— Collected data —
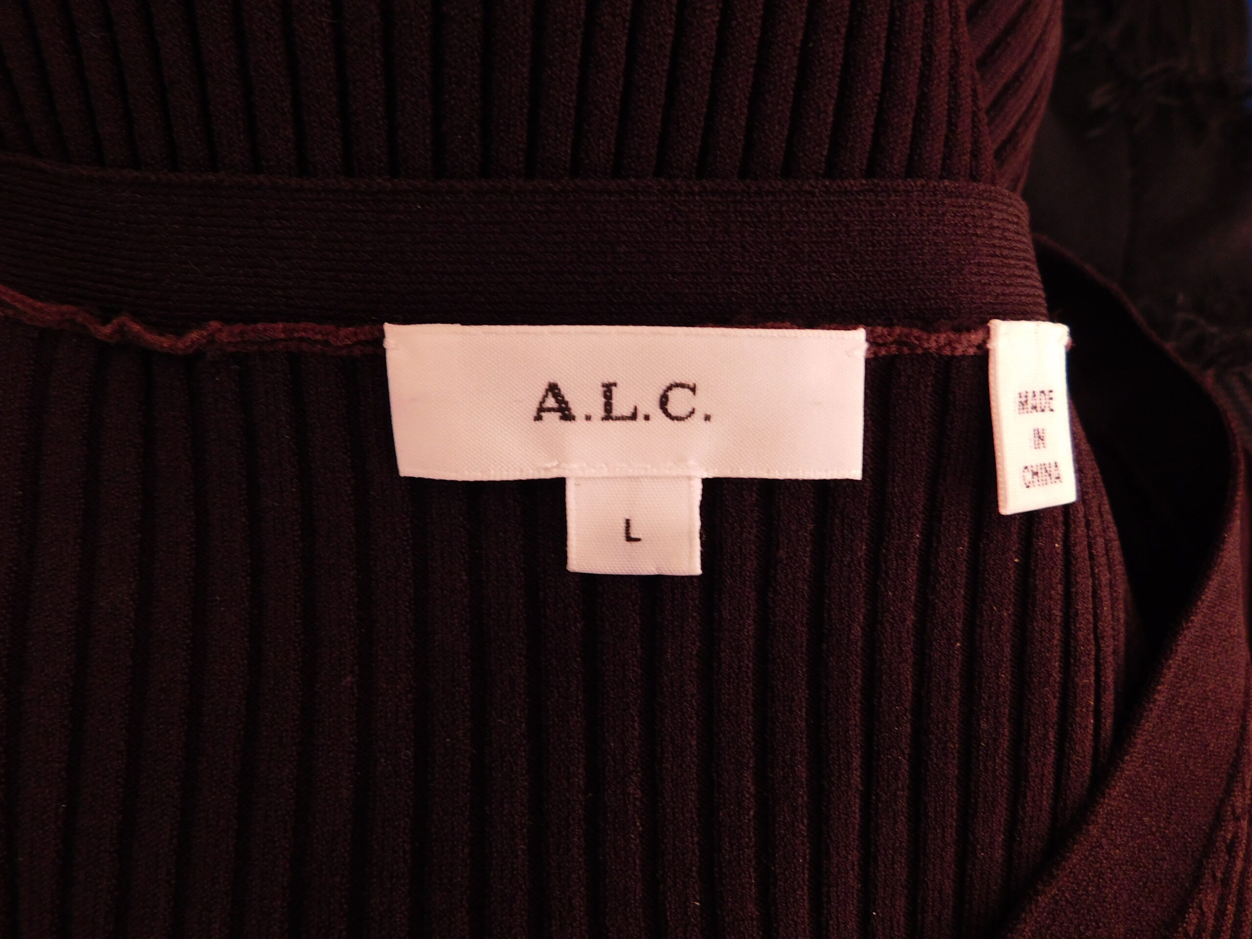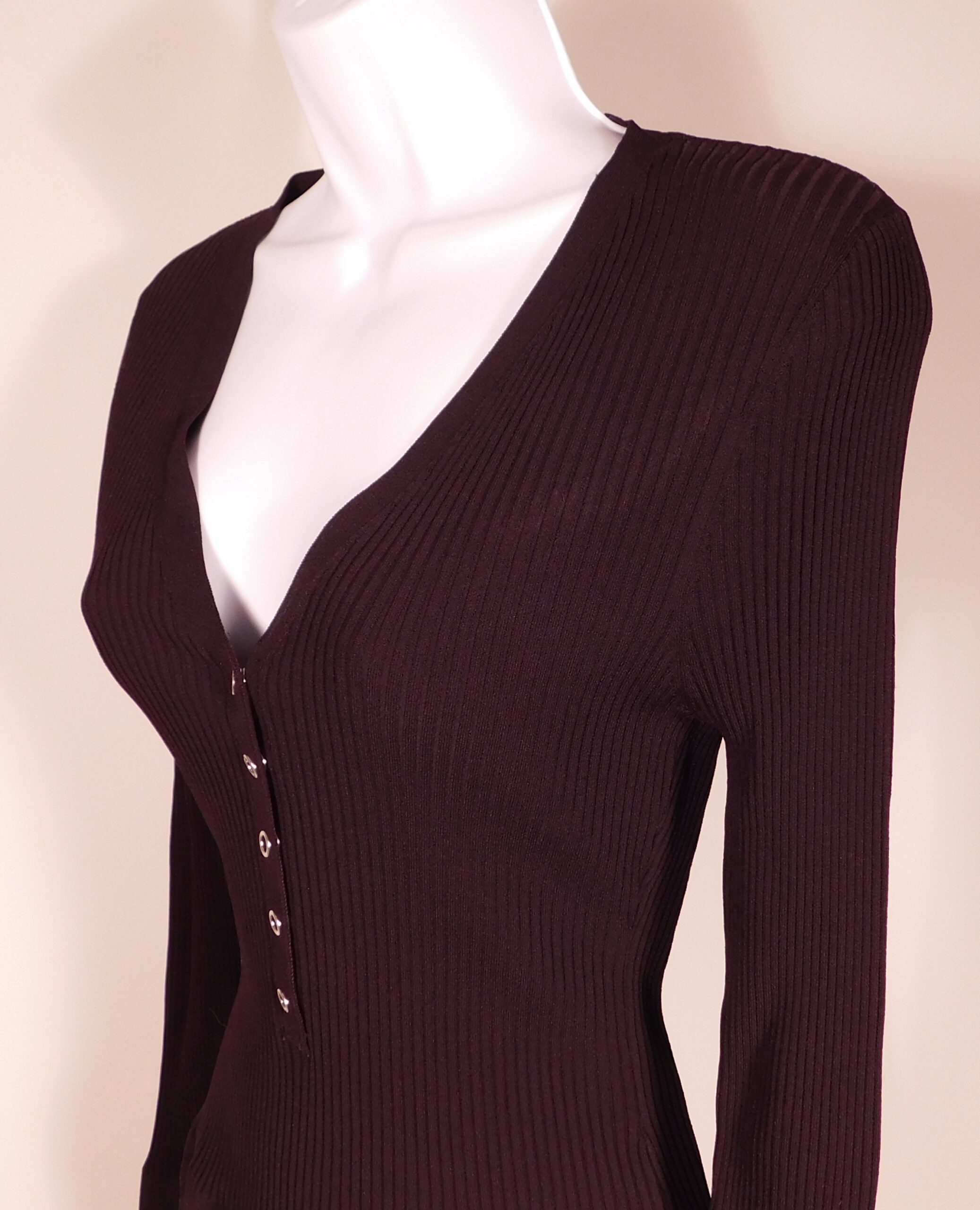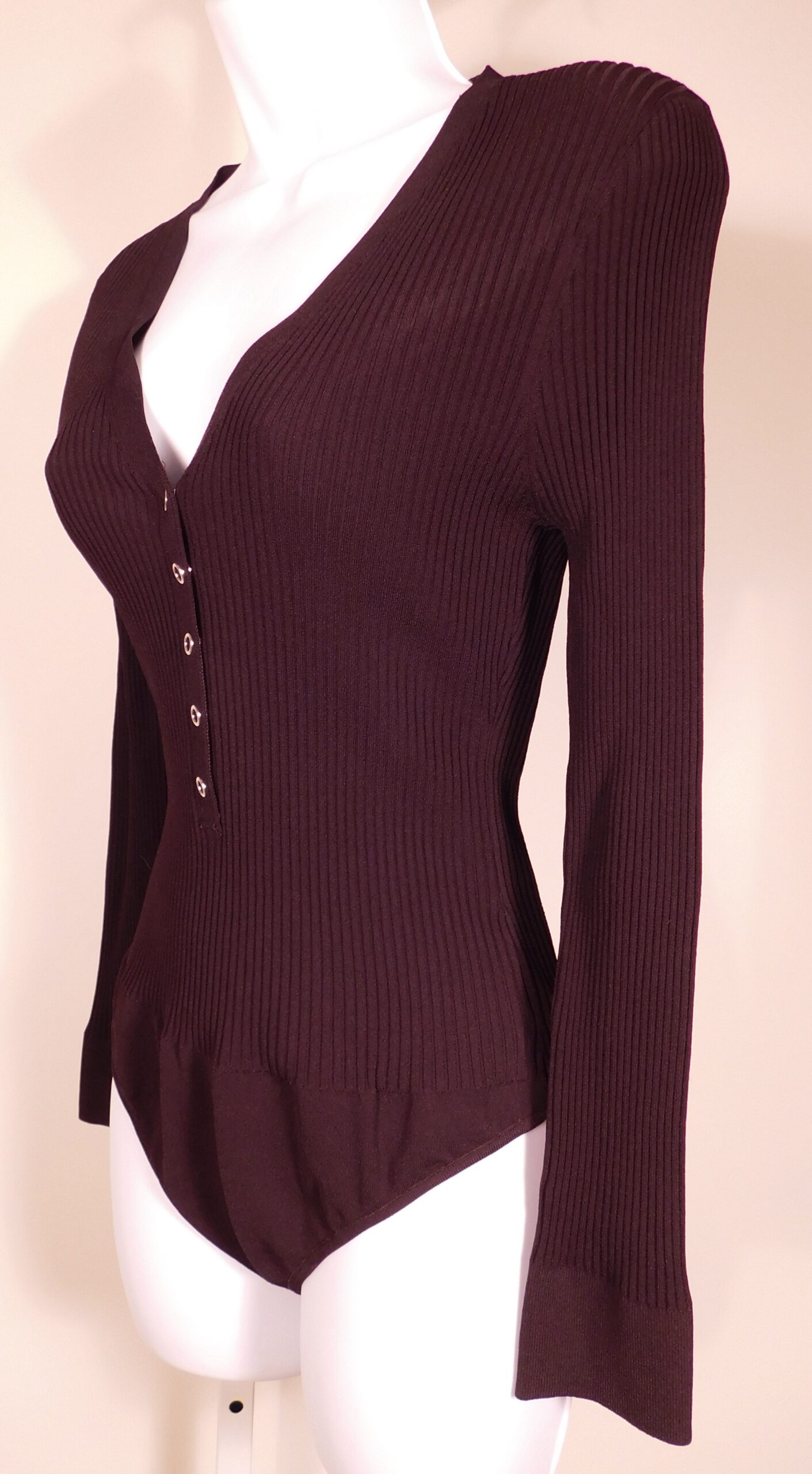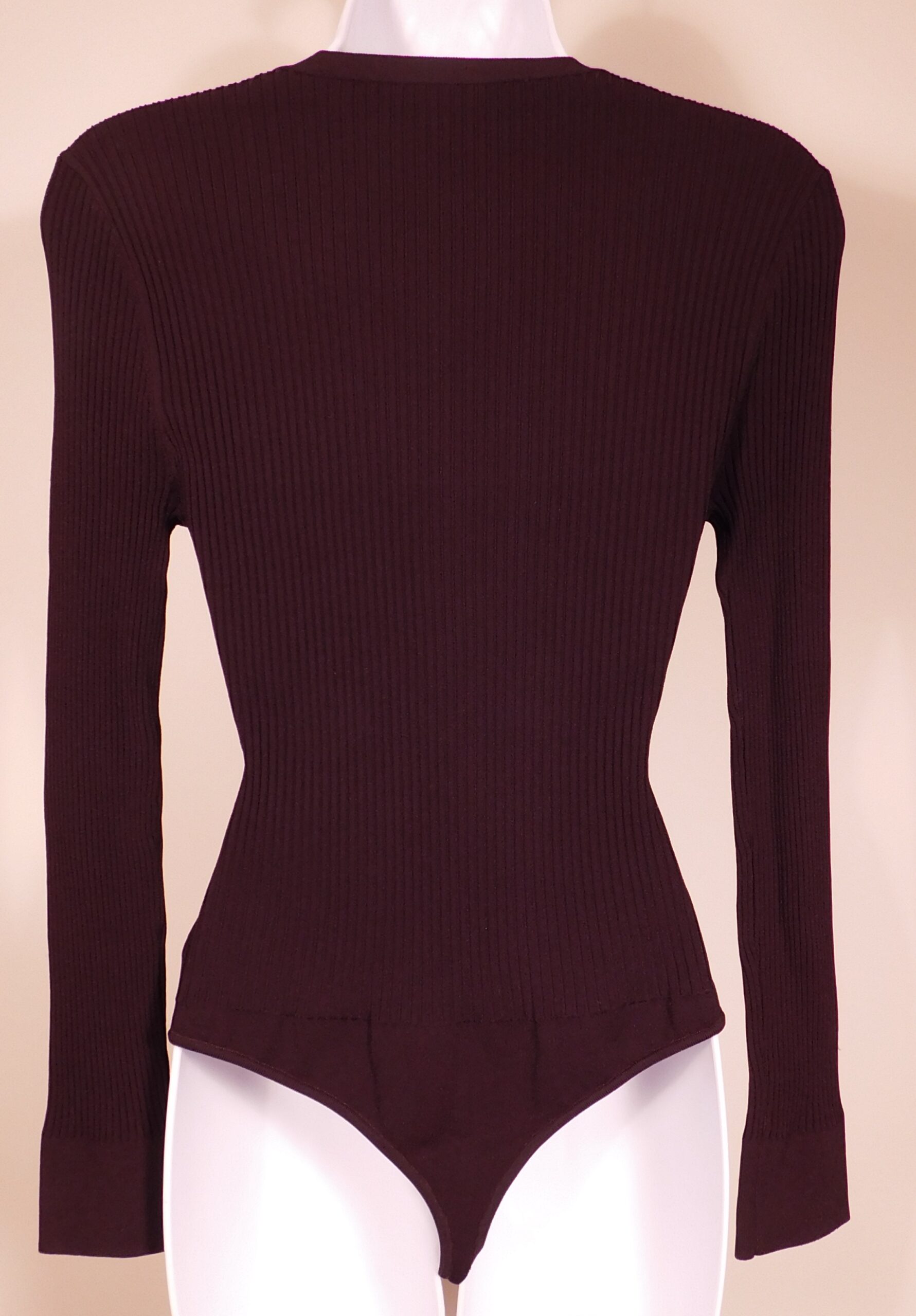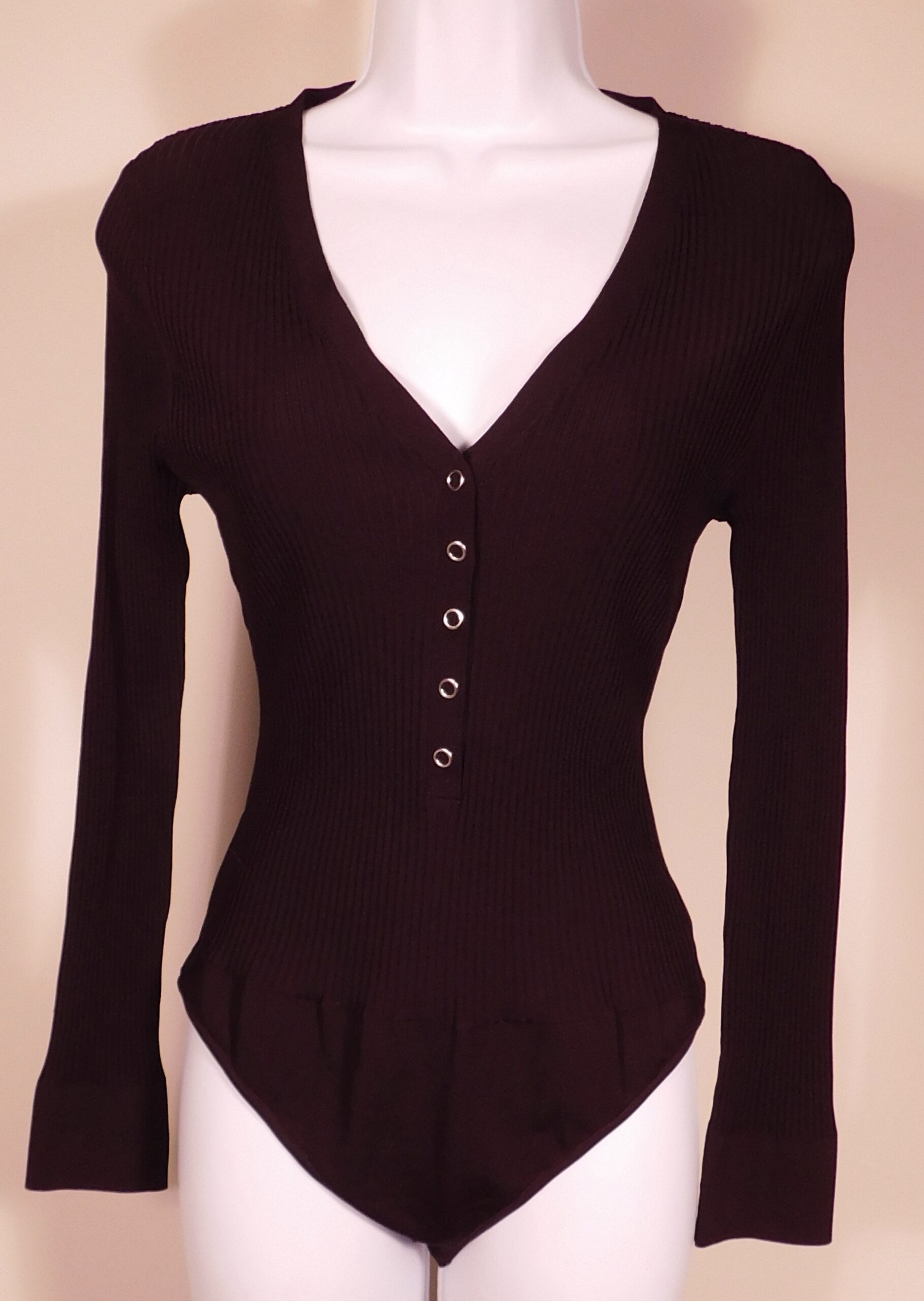 A.L.C. Women’s Brown Ribbed Knit Snap Front V- Neck Long Sleeve Body Suit Blouse Sz L
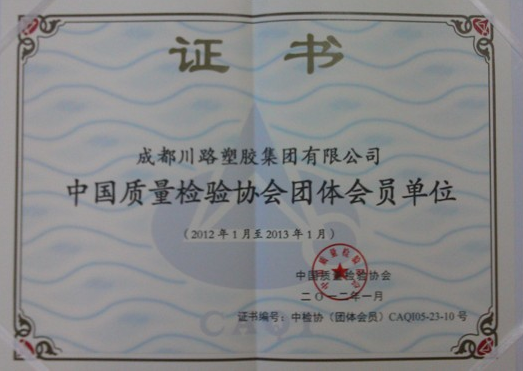 2012-02-09經(jīng)中國質(zhì)量檢驗協(xié)會對川路產(chǎn)品質(zhì)量的抽查、檢驗及對川路質(zhì)保體系的審核,授予我司 “中國質(zhì)量檢驗協(xié)會團體會員單位”稱號。..全文 -
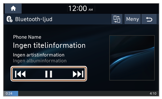 Använd knapparna på mediespelarens skärm för att kontrollera uppspelning av musik.
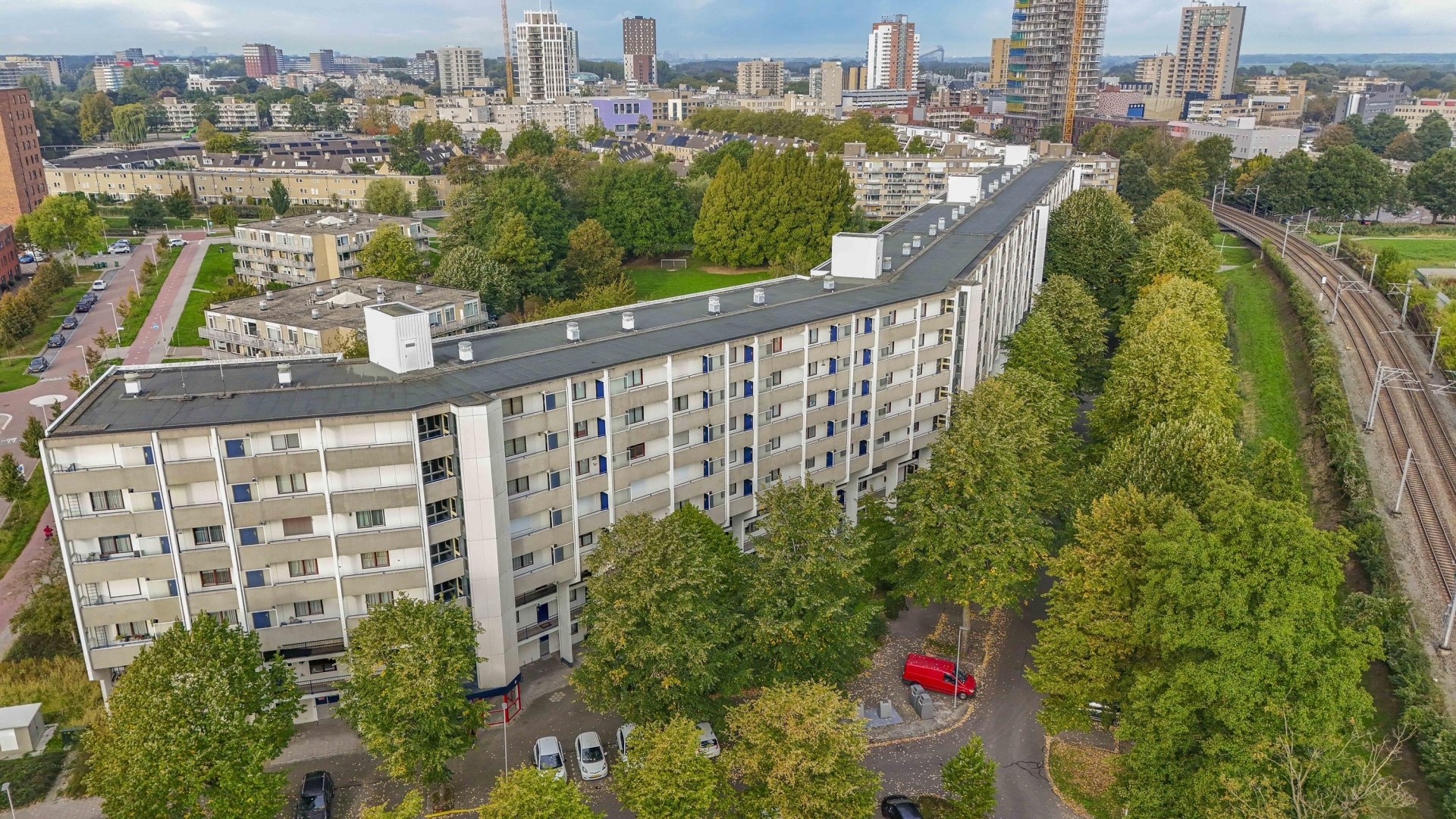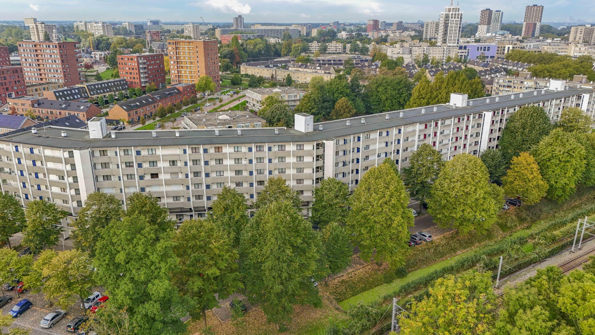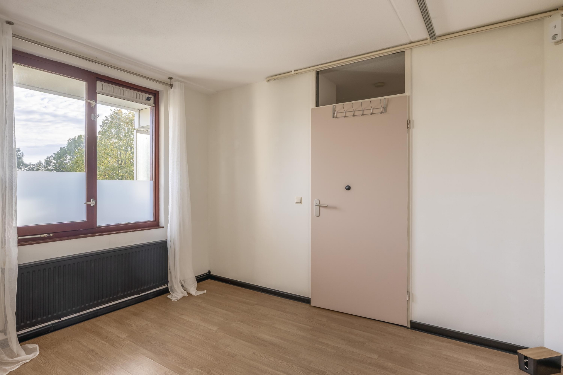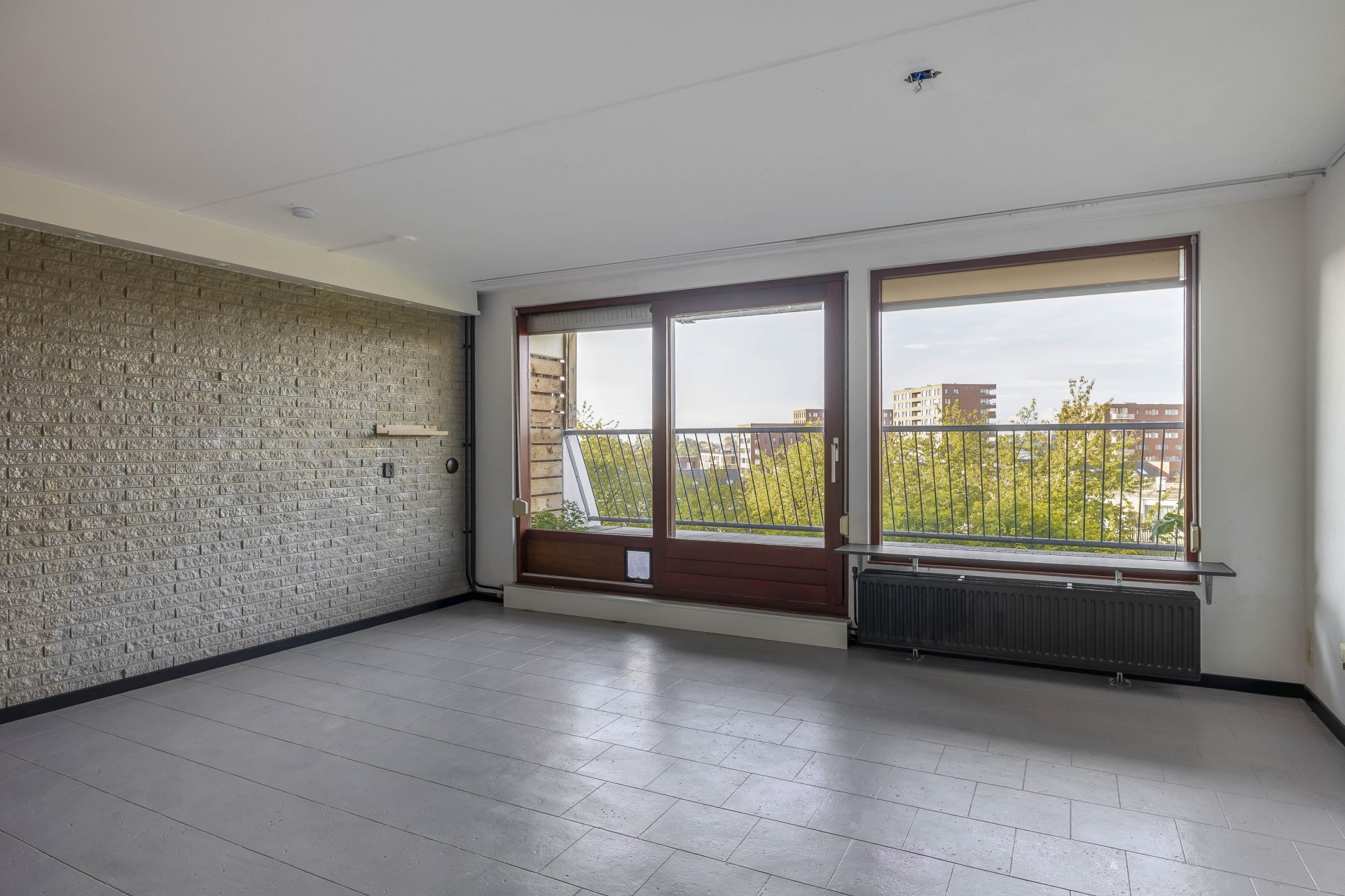 Zodra je de woonkamer binnenloopt valt het daglicht direct op: de grote raampartijen en schuifpui (schuifmechanisme vernieuwd in 2021) zorgen voor een open en aangenaam gevoel. De woonkamer van circa 24 m² sluit naadloos aan op het ruime balkon van ca. 12 m², waar je uitkijkt over het groen en de stadse skyline in de verte. Gelegen op het zuidwesten, dus perfect voor zonaanbidders! Liever iets minder zon in huis? Geen probleem, er zijn screens aanwezig.

— Work order —
Using the listing above, copy exactly the lines from the one that contains "Använd knapparna på" through its last line, both included, but not the pictures.

— Completed task —
 Använd knapparna på mediespelarens skärm för att kontrollera uppspelning av musik.
 Zodra je de woonkamer binnenloopt valt het daglicht direct op: de grote raampartijen en schuifpui (schuifmechanisme vernieuwd in 2021) zorgen voor een open en aangenaam gevoel. De woonkamer van circa 24 m² sluit naadloos aan op het ruime balkon van ca. 12 m², waar je uitkijkt over het groen en de stadse skyline in de verte. Gelegen op het zuidwesten, dus perfect voor zonaanbidders! Liever iets minder zon in huis? Geen probleem, er zijn screens aanwezig.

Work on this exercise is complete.